Work to complete: Starting at the first line of the entries below, please return exactly each line up to and including the one with "在得到局部兴趣区间的微表情视"; pictures stay out.

·····

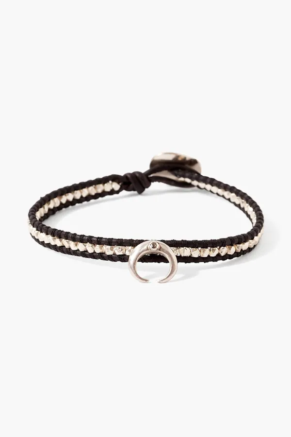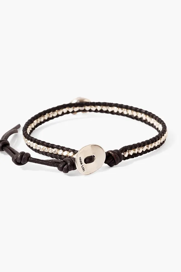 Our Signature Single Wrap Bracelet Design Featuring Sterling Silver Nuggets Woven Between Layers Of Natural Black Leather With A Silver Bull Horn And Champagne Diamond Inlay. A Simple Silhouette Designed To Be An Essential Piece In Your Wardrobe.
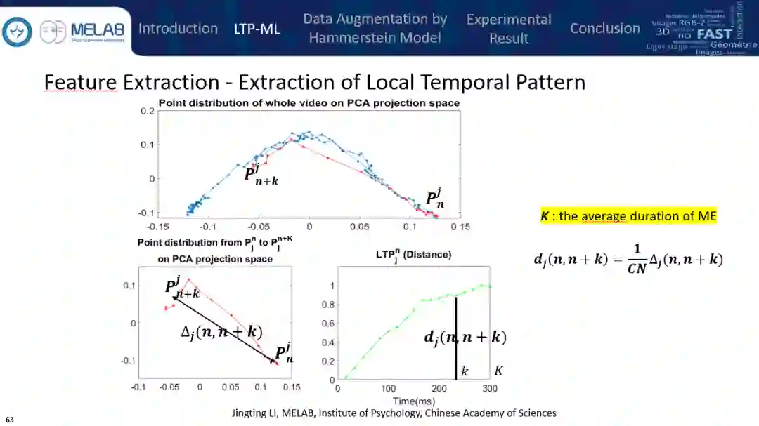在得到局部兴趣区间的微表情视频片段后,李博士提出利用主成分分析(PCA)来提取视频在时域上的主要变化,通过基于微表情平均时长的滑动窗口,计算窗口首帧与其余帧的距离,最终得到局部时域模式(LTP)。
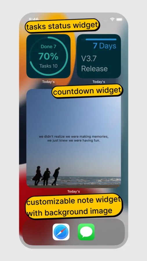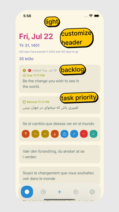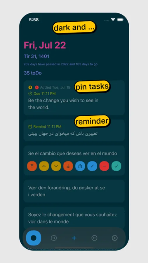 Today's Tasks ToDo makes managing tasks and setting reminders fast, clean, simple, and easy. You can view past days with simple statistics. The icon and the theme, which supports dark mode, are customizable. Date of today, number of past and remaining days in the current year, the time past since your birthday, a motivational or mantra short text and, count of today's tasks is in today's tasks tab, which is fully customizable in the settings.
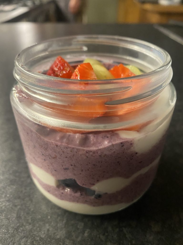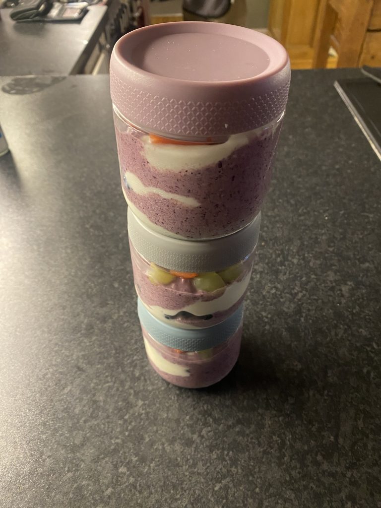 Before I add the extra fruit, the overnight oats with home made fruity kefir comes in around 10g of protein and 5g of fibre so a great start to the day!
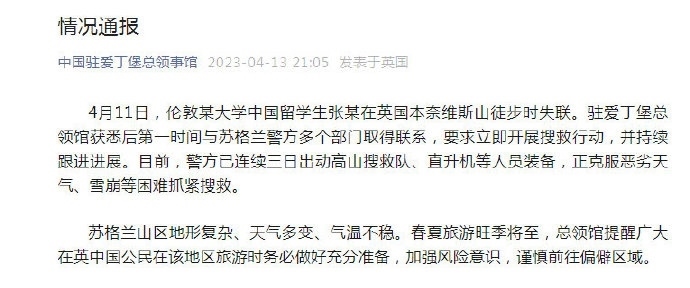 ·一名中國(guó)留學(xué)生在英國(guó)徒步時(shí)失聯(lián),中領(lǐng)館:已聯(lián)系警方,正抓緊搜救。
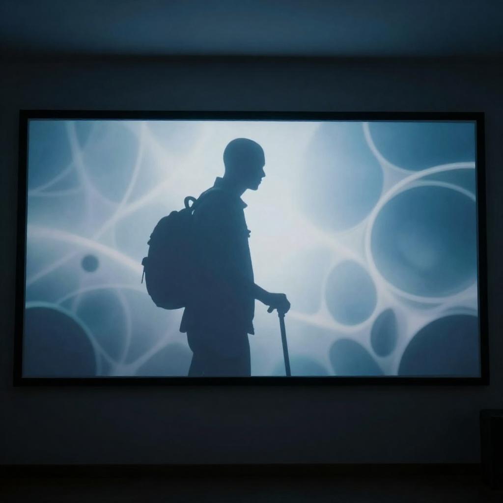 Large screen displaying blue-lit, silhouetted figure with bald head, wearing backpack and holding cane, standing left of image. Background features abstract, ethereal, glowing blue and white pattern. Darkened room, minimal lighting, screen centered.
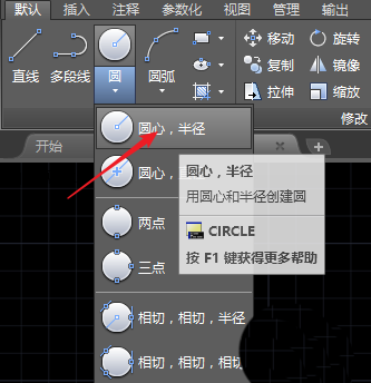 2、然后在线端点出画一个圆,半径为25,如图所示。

·····

Solution below:
 Our Signature Single Wrap Bracelet Design Featuring Sterling Silver Nuggets Woven Between Layers Of Natural Black Leather With A Silver Bull Horn And Champagne Diamond Inlay. A Simple Silhouette Designed To Be An Essential Piece In Your Wardrobe.
在得到局部兴趣区间的微表情视频片段后,李博士提出利用主成分分析(PCA)来提取视频在时域上的主要变化,通过基于微表情平均时长的滑动窗口,计算窗口首帧与其余帧的距离,最终得到局部时域模式(LTP)。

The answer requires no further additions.